Benchmarking AlphaFold2-RosettaRelax for Predicting the Impact of Indel Variants in DHFR
Summary
In this study, we evaluated a computational method combining AlphaFold2 (AF2) and RosettaRelax (RR) to predict the impact of insertion and deletion (indel) mutations on the stability of dihydrofolate reductase (DHFR). We generated a series of DHFR variants, each containing a single amino acid insertion or deletion, and predicted their structural stability using AF2 to predict the fold and RR to refine the structures and calculate the change in free energy (ΔG). The predictions were compared with experimental data acquired with the CPOP system, to evaluate the performance of the method. The AF2 predictions included the pLDDT score to assess the confidence in the predicted structures, while the RR provided ΔG scores to estimate the stability of the variants. Additionally, we ran RR on DHFR complexed with methotrexate (MTX) to examine how the presence of this ligand affects protein stability. Our results indicate that the AF2-RR combined protocol is effective in predicting the stability changes due to indel mutations, but no significance improvement was found in accuracy when using MTX in the RR predictions.
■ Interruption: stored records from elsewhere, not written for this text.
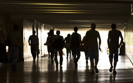 Silhouettes of people walking in a dark tunnel against a white glow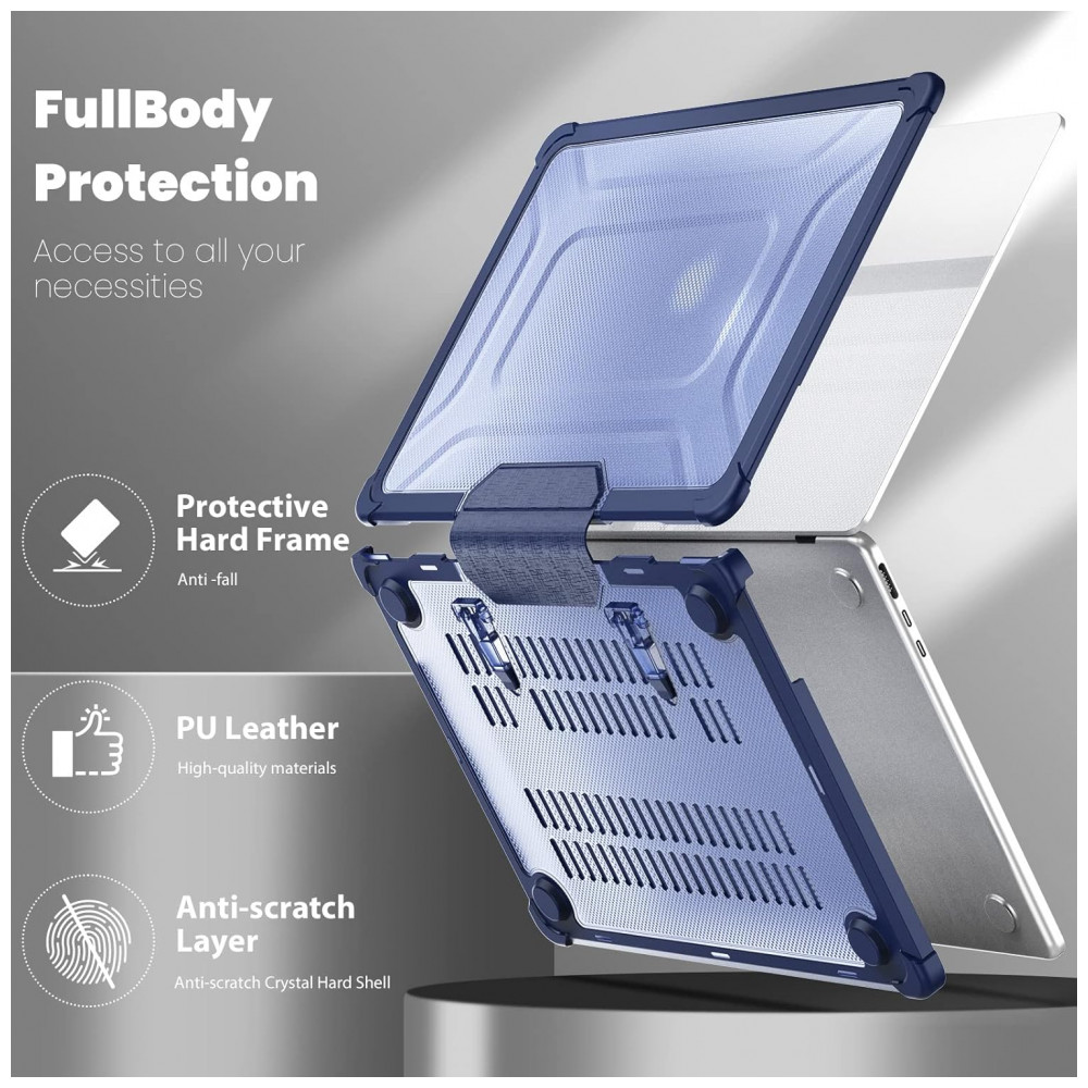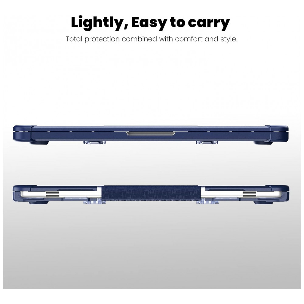 O produto possui suporte dobrável integrado, ajustável para diferentes ângulos de visualização, e pés antiderrapantes, que garantem estabilidade sobre qualquer superfície. O encaixe snap-on em duas peças permite instalação e remoção rápidas, sem risco de danos, além de garantir acesso completo a todas as portas e funções, incluindo Thunderbolt 4, entrada para fones, HDMI, SDXC e Touch ID.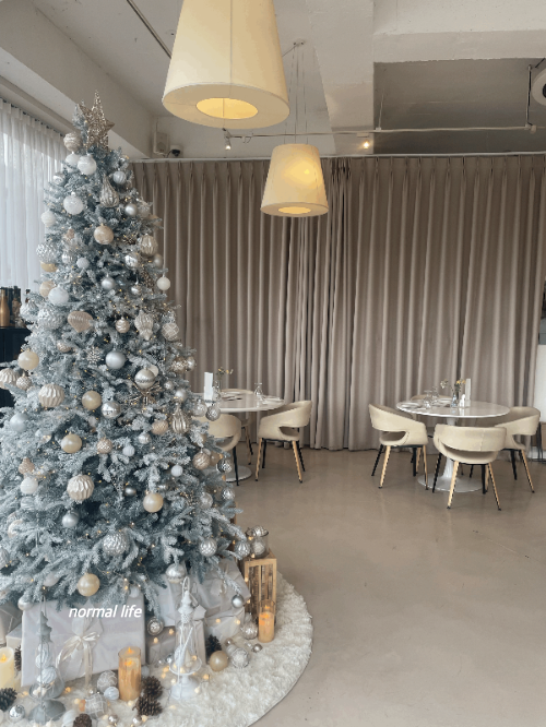 내가 방문했던 2023년 11월은 크리스마스 시즌과 연말을 맞이해 포근하고 사랑스러운 분위기로 가득한 드로이였다. 세련된 실버와 화이트톤의 크리스마스트리와 화이트 테이블마다 놓여있는 생화가 분위기를 더했다. 무드 있는 분위기의 드로이는 특별한 날 소중한 사람들과 즐거운 식사하기에 딱 좋은 곳이었다.

However, the method shows limitations in accurately predicting instability caused by mutations in the core region of the protein, though this might be specific to DHFR. We also observed that indels located within secondary structures such as helices or sheets were generally non-tolerated. This study highlights the utility of AF2 and RR in structural biology and provides insights into the stability of DHFR variants. Furthermore, the availability of the CPOP indel dataset allows for the testing of other computational methods, such as INDELi-X, which combines substitution scores with indel location to enhance prediction accuracy.